Within several previous projects, we have held consultations for development teams coming from the relational world and adopting Cassandra database. The experience gained from those projects has triggered me to publish my learning guidelines for it. We see a pattern when adopting Cassandra and it involves taking a shortcut rather than an in-depth understanding of how Cassandra works. I will try to address those shortcuts and red flags and give you advice on how to start.
The pattern is as follows: some developer in the team follows the trends and reads that Cassandra works great with writing heavy data load, sensor data, messages from IoT etc. There is a requirement that part of the system will need distributed scalable storage. The most senior developer makes a decision, Cassandra is hot and popular, it fits the use case so we will go with it. The background of the development team is usually in the relational world. So they go with it. They install Cassandra on one node, they do not have a need for more at the moment and start developing (red flag one). Data modeling is the next task and from relational world experience, that is something picked along the way, you do not need to put too much effort in it since database objects resemble the domain objects (red flag two). So they start to model tables for single entities, each of them having a generated id, and join data by ID at the application level. It is said that Cassandra is scalable and fast, so adding more nodes will overcome the poorly modeled data. The data model starts talking, joining data at the application level in huge lists becomes hard, making queries to many tables becomes overly complex, the team is working hard to keep the data in different tables in sync. Even when problems start manifesting in slow reads, the development team decides not to change the data model, because it is common in the relational world to stick with your tables after you initially model them (red flag number three). The application is becoming more and more popular, and then there is a need for scaling. The development team starts adding nodes, and they realize that Cassandra is not as scalable as it should be. The truth is, if you start with 3 nodes instead of one, you will choose NetworkTopologyStrategy over SimpleStrategy so you will have one less problem scaling out. This is just one example from many of those complicating the process of scaling out when using a single node at the beginning.

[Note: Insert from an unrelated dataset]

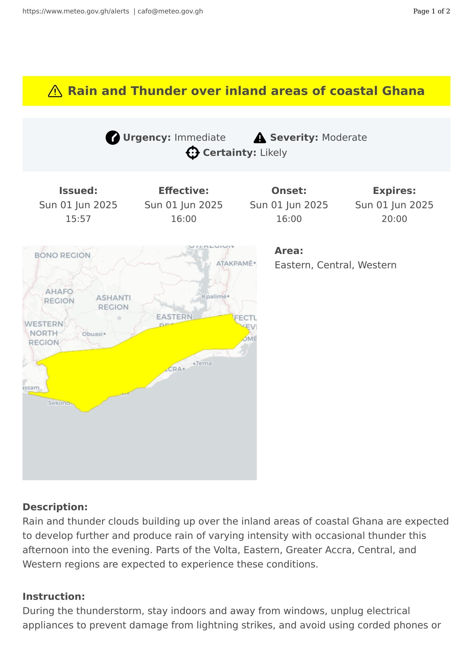 Rain and thunder clouds building up over the inland areas of coastal Ghana are expected to develop further and produce rain of varying intensity with occasional thunder this afternoon into the evening. Parts of the Volta, Eastern, Greater Accra, Central, and Western regions are expected to experience these conditions.

Red flag number one – using Cassandra on a single node
This problem is not that specific to Cassandra itself, but it is a problem of every distributed product. Whenever you work with distributed systems, make sure you work with at least three nodes from the beginning. Problems in distributed systems are completely different from problems in single-node systems, just to name a few: consuming messages exactly once, saving files to file systems, scheduling, and locking. The point to take here is that you should always start developing against a truly distributed system, if you have a need for distributed technology like Cassandra, start a three node cluster from the beginning and develop against it. If you use a single node cluster, you will pay in the long run when you have the need to scale out.
Red flag number two – relational world data modeling
Cassandra is specific, just as every NoSQL database is. In order to achieve efficiency, you need to know how it works, both externally and internally. Relational databases hide a lot of details from developers and you do not need to know how data is stored on disk to make efficient queries. In Cassandra, it is important to use query-based modeling, you need to know how you will read your data before modeling it. It is a distributed system, so data should be denormalized and replicated, with a lot of duplications. It is a common thing to see the same data spread across many tables, each optimized for different read queries.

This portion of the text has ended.